LICENZIAMENTO per molestie sessuali

LICENZIAMENTO PER MOLESTIE SESSUALI

Il diritto alla difesa è inviolabile e, gerarchicamente, è molto più forte di quello alla privacy


Massimo Ambron Avvocato
massimo.ambron@libero.it

La Corte di Cassazione si pronuncia sul bilanciamento tra il diritto della persona alla tutela della sua privacy, oggi diffusamente avvertito, e il diritto di difesa della persona, parimenti tutelato dalla Costituzione all'art. 24. La S.C., con la recente sentenza n. 18279 del 5.8.2010, stabilisce che il richiamo di una parte processuale al doveroso rispetto del diritto suo o di un terzo alla privacy non può legittimare una violazione del diritto di difesa inviolabile in ogni stato e grado del procedimento. Esso non può incontrare nel suo esercizio ostacoli e impedimenti nell'accertamento della verità materiale a fronte di gravi addebiti, suscettibili di determinare ricadute pregiudizievoli per la controparte in termini di irreparabile vulnus. Il fatto: un impiegato di una azienda metalmeccanica fu licenziato in quanto durante l'orario di lavoro e nei locali aziendali aveva molestato, tentando di "baciarla e toccarla", una collega di lavoro, il cui nominativo, però, non fu riportato per motivi di privacy dall'azienda nella lettera di contestazione disciplinare. Il lavoratore si era
difeso nella lettera di giustificazioni, negando e precisando di avere avuto sempre un comportamento in azienda corretto.

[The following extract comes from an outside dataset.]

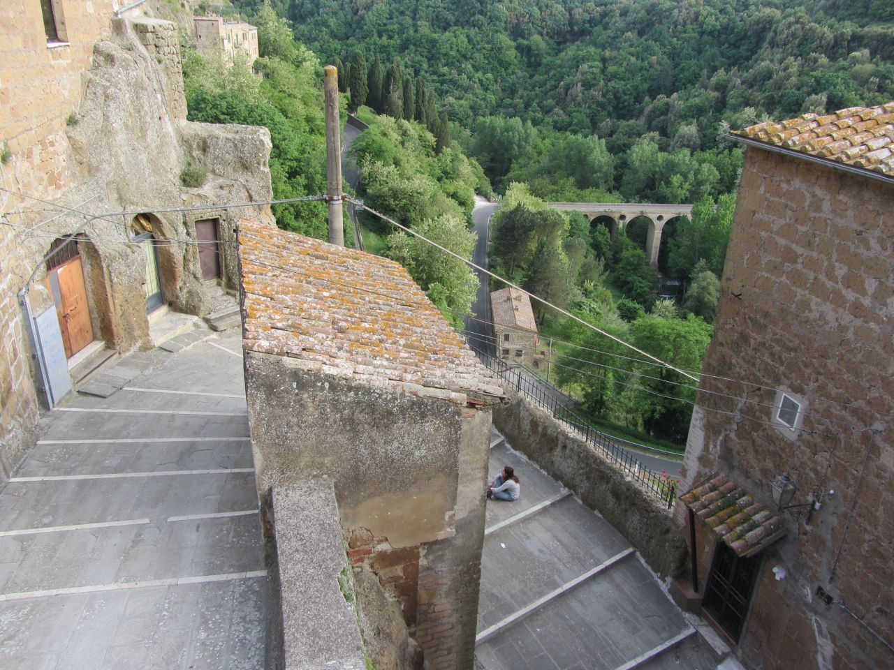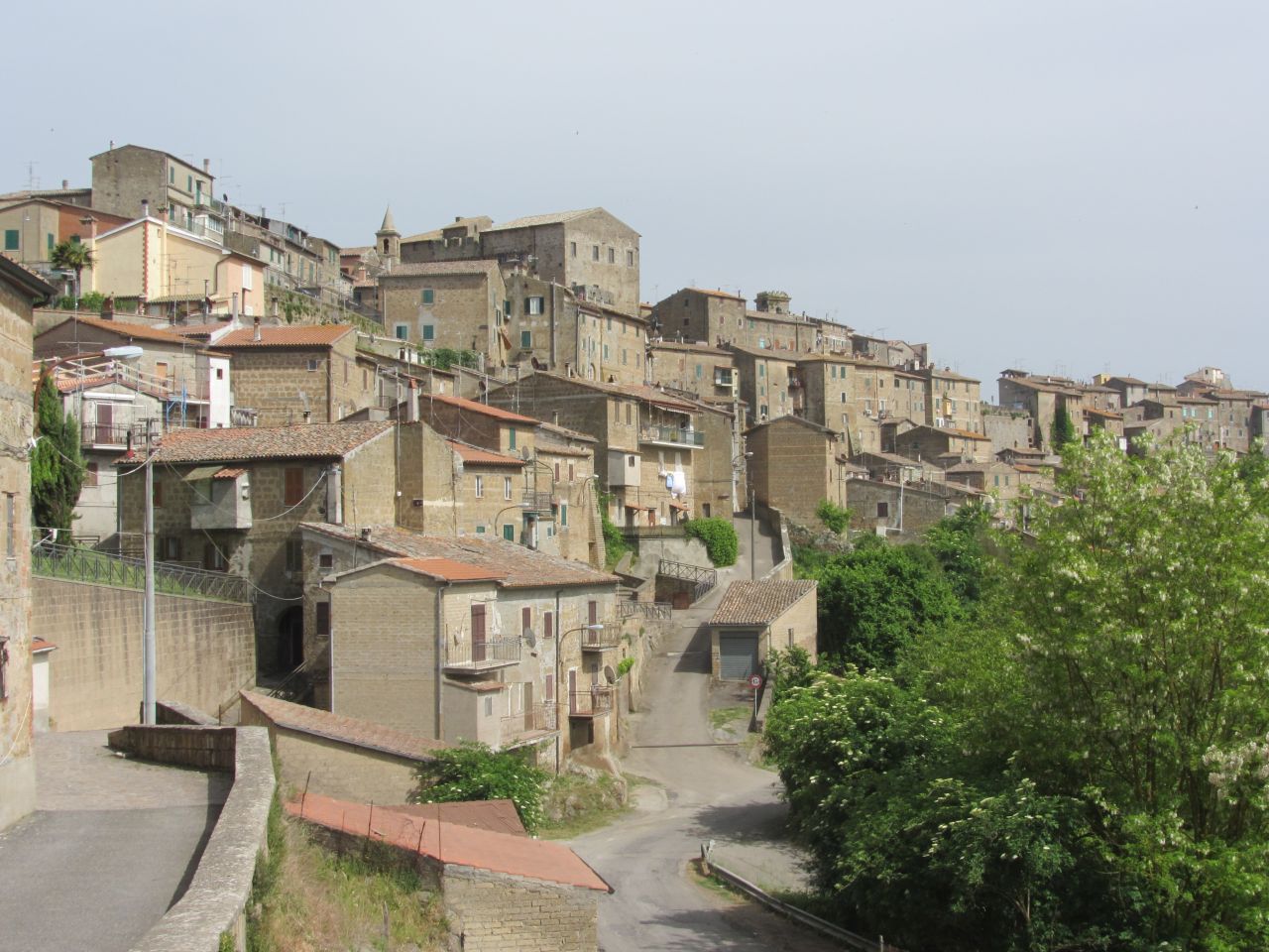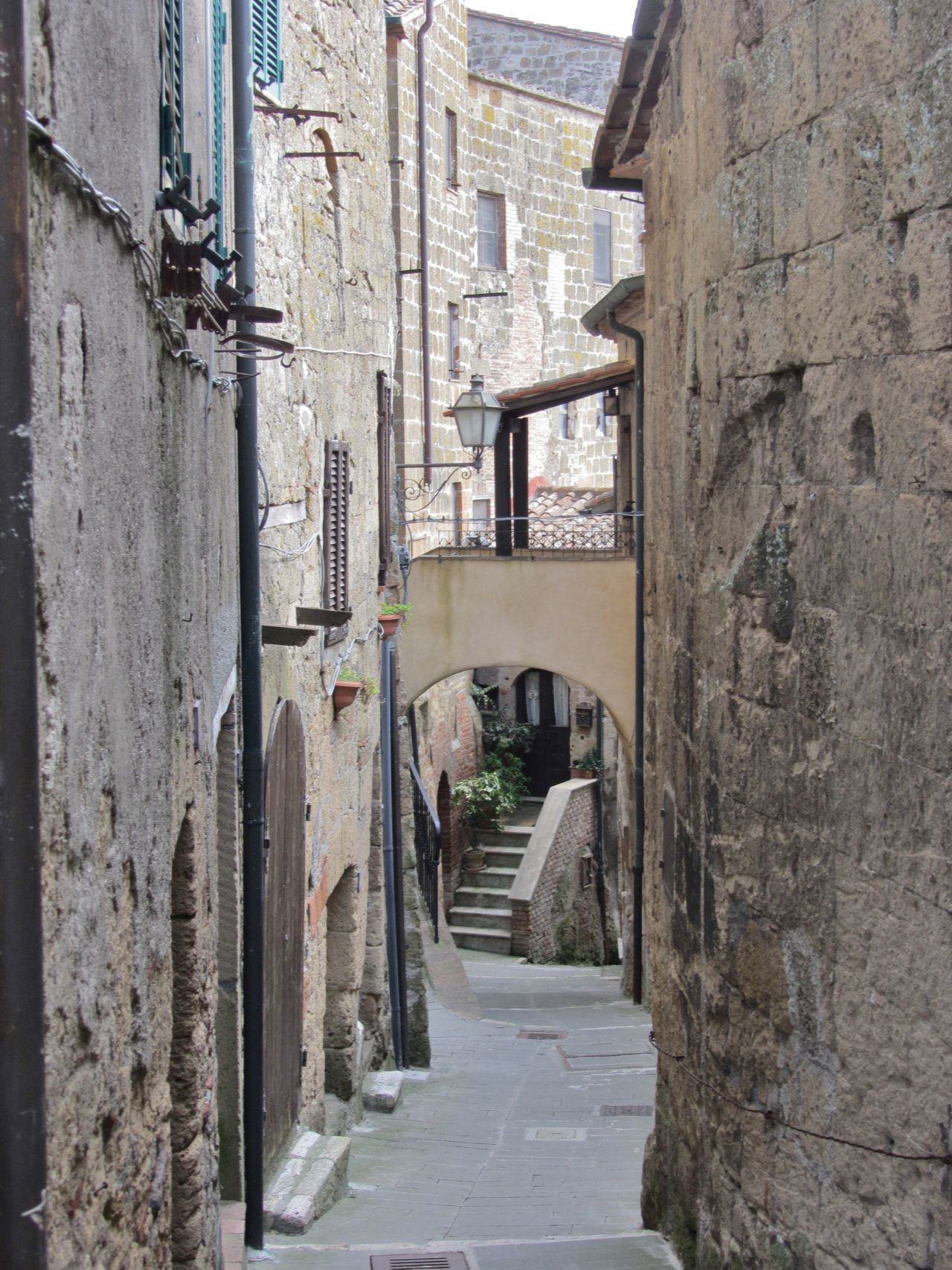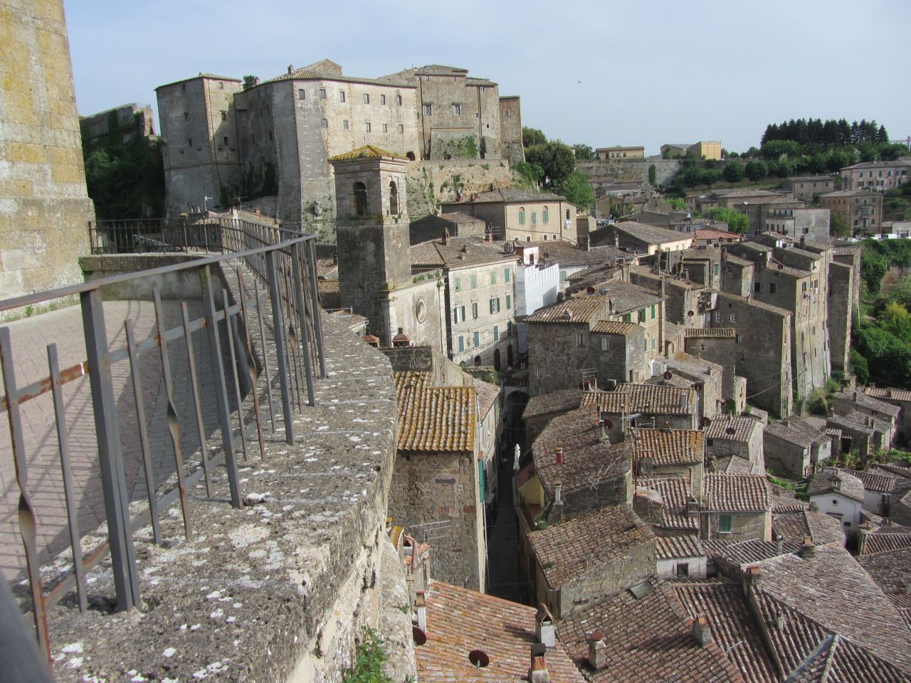 Die Gebäude bestehen aus Tuffstein; es gibt ganz enge Gassen und ich finde mit dem Rad einen Weg fast bis zur oberen Ebene des Dorfes. Von hier kann man ins das Tal zurückschauen und auf die Gebäude von Sorano blicken.

Il Giudice di primo grado aveva accolto il ricorso del dipendente con sentenza, confermata anche dalla Corte di Appello di Napoli, in quanto la lettera di contestazione risultava generica, non consentiva di comprendere le reazioni della collega "offesa" rimasta peraltro ignota, né se fossero intervenuti altri colleghi. La S.C. con la sentenza qui in commento ha confermato le decisioni dei colleghi dei gradi precedenti, ritenendo le motivazioni congrue e ineccepibili. La S.C. ha richiamato il consolidato indirizzo giurisprudenziale secondo cui la contestazione deve avere i requisiti della specificità, in modo da consentire al dipendente di fornire immediata ed esauriente difesa. Tali essenziali requisiti erano invece assenti e gli elementi indicati nella contestazione erano di tale vaghezza da non consentire di ricostruire il reale svolgimento dei fatti e le condotte dei protagonisti né di consentire un adeguato diritto di difesa dell'incolpato. La S.C. così motiva la infondatezza della tesi dell'azienda secondo cui la omissione
del nominativo della persona vittima del presunto episodio di violenza riposa sulla tutela della privacy: «Nelle controversie in cui configura una contrapposizione tra due diritti aventi ciascuno di essi copertura costituzionale, va applicato il criterio di gerarchia mobile dovendo il giudice procedere in considerazione dello specifico thema decidendum alla individuazione dell'interesse da privilegiare a seguito di una equilibrata comparazione tra i diritti in gioco, evitando che la piena tutela di un interesse finisca per tradursi in una limitazione di quello contrapposto. Ne consegue che il richiamo ad opera di una parte processuale al doveroso rispetto del diritto alla privacy non può legittimare una violazione del diritto di difesa che non può incontrare nel suo esercizio ostacoli ed impedimenti nell'accertamento della verità materiale. In particolare, a fronte di gravi addebiti suscettibili di determinare ricadute pregiudizievoli alla controparte in termini di un irreparabile vulnus alla sua onorabilità e talvolta anche della perdita di altri diritti fondamentali come quello del posto di lavoro».